NY Times: Inside the lending spree at Countrywide Financial

It's a bit of a long article, but the New York Times tells us how it went down in Countrywide Financial, one of the poster children for the subprime fiasco. I'm not going to put the whole article up here, but you can read the whole thing if interested. If you are, skip the spoilers below.

This is basically a tale of greed - is anyone surprised? Countrywide gave their salespeople financial incentives to steer consumers to loans that were the most profitable for Countrywide. It goes without saying that consumers didn't always get the cheapest loans they would have qualified for.
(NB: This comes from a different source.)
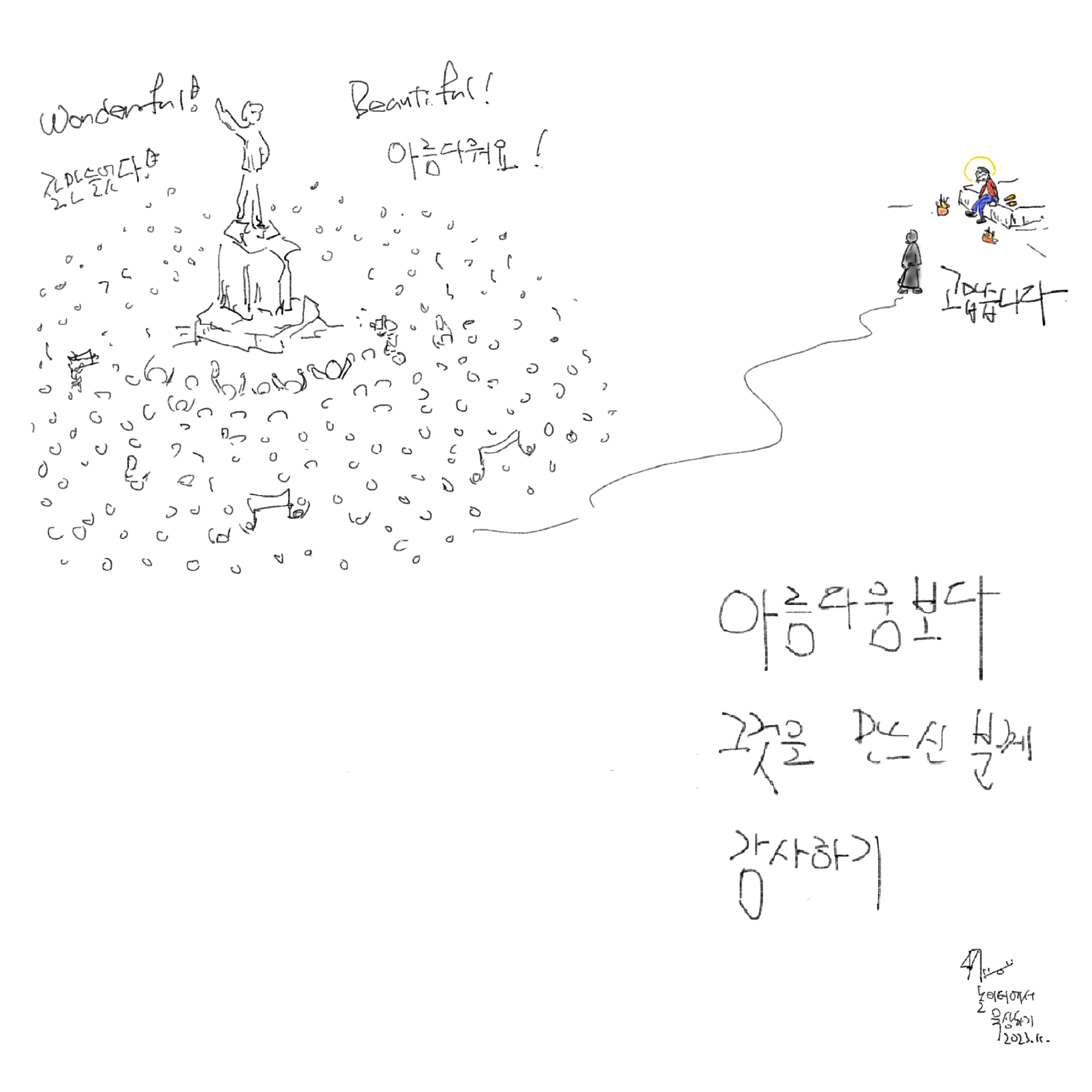 근래에 있었던 이 새로운 인연과 오랜만에 다시 만난 인연을 통해 제 삶에는 아름다운 추억이 더해졌습니다. 한 동안 마음이 따뜻했습니다. 마치 오늘 1독서 지혜서의 '눈에 보이는 것들이 하도 아름다워 그 겉모양에 정신을 빼앗기고 마는 것이다.'라는 말씀처럼 삶의 아름다움에 잠시 정신을 빼았겼었습니다. 물론 독서에서 이야기 하는 이들과 달리, 그 아름다움을 주신 하느님께 감사드리는 것도 잊지 않았습니다.

Countrywide's computer systems excluded borrowers' cash reserves until last September (by which time Countrywide was already in financial distress). If it had not, some borrowers could have qualified for lower-cost loans than they received.

Meanwhile, Angelo Mozilo, Countrywide's preternaturally bronzed CEO, sold hundreds of millions of dollars worth of stock, including on the way down to nearly zero. He hasn't made a share purchase since 1987. In other words, he wasn't willing to put his money where his mouth was, in his own business. It's also regarded as bad form to sell when the stock is going down. Stocks can go down when a company is suffering through correctable problems and is investing in its future, so a good CEO should in fact be buying on the way down. Countrywide was also incredibly generous with stock option grants. Companies that are overly generous with options are basically giving shareholders' money away (although options are not bad per se, and are used well by companies like American Express and Microsoft).

And Countrywide continued to have lax lending standards even pretty late into the crisis.

I think I read a survey somewhere, showing that Americans were somewhat in favor of extending aid to at least some borrowers, but were dead against extending any aid to the lenders. I find that a reasonable proposition. The problem is it will be very, very difficult to do that.

As for Countrywide, it is to be acquired by Bank of America. Countrywide was the nation's biggest mortgage servicing platform, and allowing it do die completely would make it harder for people to get mortgages. I've heard bad things about Bank of America's customer service, but they will at least enact stricter lending standards, and they will have the financial resources to cut some borrowers a break so that they can repay their loans. They have no legal requirement to do so, although it would be in their financial interest as well as good PR.

As for Mozilo, it will be hard to prove criminal or civil wrongdoing. One Senator (a Democrat and a man, but I forget his name) asked Mozilo to give away most of his profits to charity. You think he will?

It is within the remit of the Federal Reserve to control lending standards. Alan Greenspan, because of his ideology, refused to even consider doing so. When he cut interest rates after the tech bubble burst, his ideology blinded him to the fact that he was igniting a preventable bubble in housing. Now, some say he should not have cut interest rates so deep; I don't believe I have the information to say that he should not have. However, he could and should have controlled lending standards, but he did not do so. He should share in the blame for this crisis, and I hope the present Chairman of the Federal Reserve, Ben Bernanke, will do better. Bernanke is a Republican, but he seems a smart man.